Training Set MNIST CIFAR-10 Speech Connectionist Bankruptcy Wine
OG 97.98% 88.57% 84.48% 88.10±8.58% 96.54% 55.00%
OG+STD 97.98% 89.89% 82.98% 85.24±7.66% 96.17% 57.85%
OG+AE 97.97% 88.36% 83.13% 82.86±7.59% 95.92% 57.23%
OG+MU 96.45% 86.60% 81.85% 89.29±4.97% 96.55% 57.76%
OG+MMU 97.52% 88.02% 83.06% 91.19±5.06% 96.44% 58.70%
OG+PNL 97.91% 88.07% 84.35% 93.81±4.54% 96.53% 59.03%

Ablation Study: Energy-Aware vs.

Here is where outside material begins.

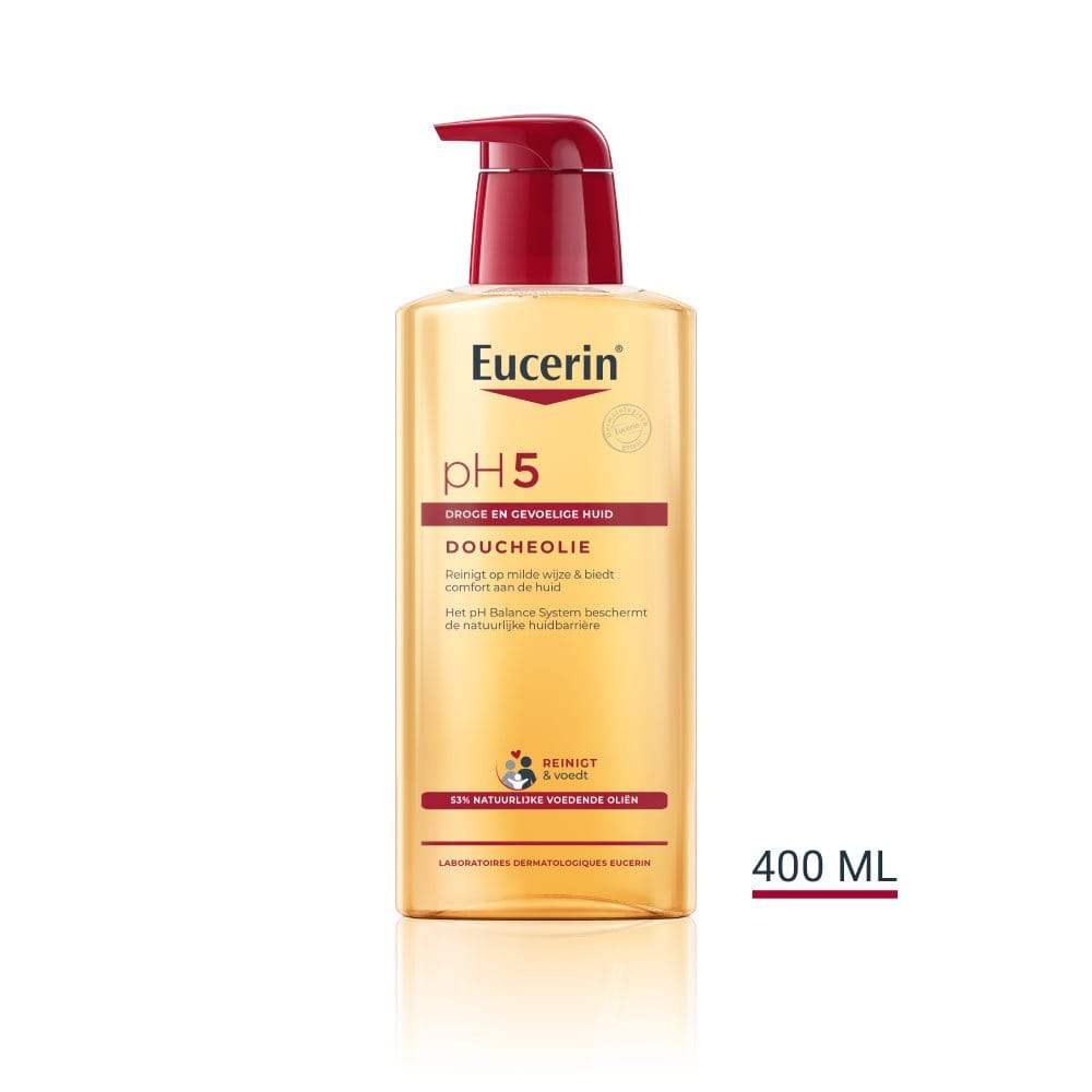 De gevoelige huid heeft een milde reiniging nodig om de weerstand van de huid tegen dagelijkse invloeden van buitenaf te behouden. Geef comfort aan uw huid en bescherm deze met de pH5 Doucheolie van Eucerin. Geef uw huid een nieuw gevoel van welzijn. De pH5 Doucheolie, met natuurlijke oliën en Dexpanthenol, reinigt de gevoelige huid op milde wijze. Dit product respecteert het microbioom van de huid door het natuurlijke evenwicht ervan niet te beïnvloeden. De huid wordt op milde wijze gereinigd en de pH-waarde wordt gerespecteerd. De huid voelt zacht en soepel aan, wordt beschermd tegen uitdroging en voelt weer comfortabel aan.

Ambient-Space Interpolation

Geometry Interpolation Energy (Interaction Energy)
Base submanifold (energy-aware) Consistently lower
Ambient space (Euclidean) Consistently higher

The energy-aware method consistently yields lower energy than ambient-space geometry across all interpolation points.

Key Findings

  1. PNL consistently outperforms or matches all other augmentation methods across 6 datasets and 4 modalities.
  2. Stability advantage is pronounced: on Connectionist Bench (208 samples), standard deviation is reduced from 8.58% to 4.54%.
  3. On CIFAR-10, the 1-body approximation preserves shape, while the 5-body approximation captures fine-grained shape–color relationships.
  4. Submanifold dimensionality selection involves an inherent trade-off between information retention and augmentation effectiveness.

Highlights & Insights

  1. Theoretical elegance: Data augmentation is naturally connected to the dually flat structure of information geometry.
  2. Multi-modal generality: The same framework handles images, audio, and tabular data uniformly.
  3. Fine-grained controllability: Augmentation properties are governed by the design of the poset structure and submanifold selection.
  4. Training-free: Projection reduces to convex optimization with closed-form gradients, making computation highly efficient.
  5. Stability guarantee: Projection minimizes KL divergence, providing clear information-theoretic guarantees.

Limitations & Future Work

  • Lack of permutation invariance: Posets rely on a specific index ordering, introducing bias for data without a natural order, such as graphs.
  • The positive tensor assumption restricts direct application to data containing negative values.
  • The method does not surpass standard augmentation (e.g., flipping/cropping) on image modalities, as standard methods encode strong modality-specific priors.
  • Selecting reshape operations for higher-order tensors requires domain knowledge.
  • Learning-based augmentation: VAE-, GAN-, and diffusion model-based augmentation.
  • Training-free augmentation: Mixup, Manifold Mixup, PCA-based augmentation.
  • Information geometry: Amari (2016), dually flat structures.
  • Log-linear models on posets: Sugiyama et al. (2017).

Rating

  • Novelty: ⭐⭐⭐⭐⭐ — The marriage of information geometry and data augmentation is highly distinctive.
  • Technical Depth: ⭐⭐⭐⭐⭐ — Theoretically rigorous with solid mathematical derivations.
  • Experimental Thoroughness: ⭐⭐⭐⭐ — Multi-modal coverage, though large-scale validation is lacking.
  • Value: ⭐⭐⭐ — Strong generality, but limited advantage on mainstream vision tasks.